The creation of the NGT in 2010 was a direct result of the burden felt by the Supreme Court in handling cases like Mehta’s. The NGT now provides a forum where scientific evidence can be weighed with legal precision, a necessity that became apparent during the decades of the Mehta litigation. The case proved that we needed a permanent, specialized forum rather than relying solely on the extraordinary jurisdiction of the Supreme Court.
Unfinished Business: The Road Ahead for Delhi’s Air
Despite 41 years of litigation, Delhi remains one of the most polluted capitals in the world. This is not a failure of the Court, but a reflection of the scale of the challenge. As the city grows, new sources of pollution emerge. The Graded Response Action Plan (GRAP), which we see implemented every winter, is a direct descendant of the orders passed in the M.C. Mehta case.
The closure of the 1985 case is a symbolic hand-off. The judiciary has provided the tools—the laws, the principles, and the specialized agencies. The task of daily enforcement now lies with the executive and the specialized regulators. The legal battle has moved from the “right to be heard” to the “rigor of enforcement.” We no longer need to prove that pollution is a violation of Article 21; we now need to ensure that the statutory bodies do their jobs without fear or favor.
Conclusion: A 41-Year Masterclass in Judicial Persistence
As the curtains fall on Writ Petition 13029/1985, we must salute the tenacity of M.C. Mehta and the vision of the various Benches of the Supreme Court. This case changed the DNA of Indian law.
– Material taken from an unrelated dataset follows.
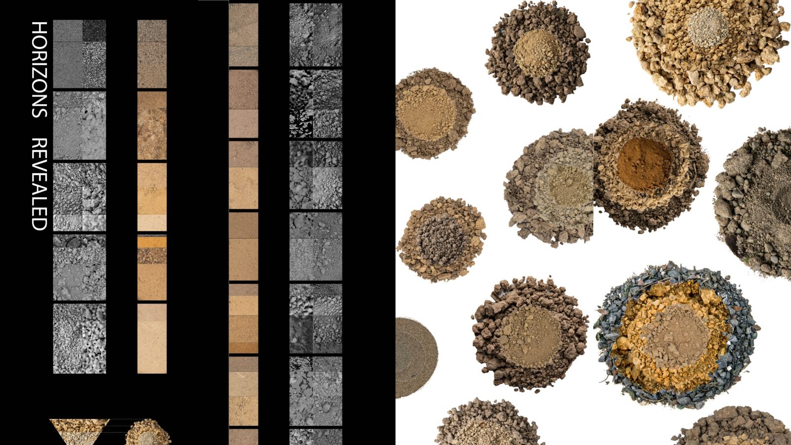 - Soil textures and structure: The black and white reverse sides of the lightboxes remove all pigment from the soils to reveal their values (saturation) and their textures first without modification and then using levels of abstraction.

It taught us that the law is not a static set of rules but a living instrument that must evolve to protect the fundamental requirements of life.
For a Senior Advocate, this case serves as a reminder that the law can be a powerful force for social good when wielded with persistence and scientific temper. The “Green Lawyer” has completed his vigil on this specific petition, but the path he cleared will be used by generations of environmentalists and lawyers to come. The case that cleaned a city may be closed in the record books, but its breath is felt in every CNG bus that passes by and every breath of air that is slightly cleaner than it would have been had M.C. Mehta not stood up in 1985.
The closure of this case is a tribute to its success—it has become so foundational that it no longer needs to be an “active” case; it has become the law of the land.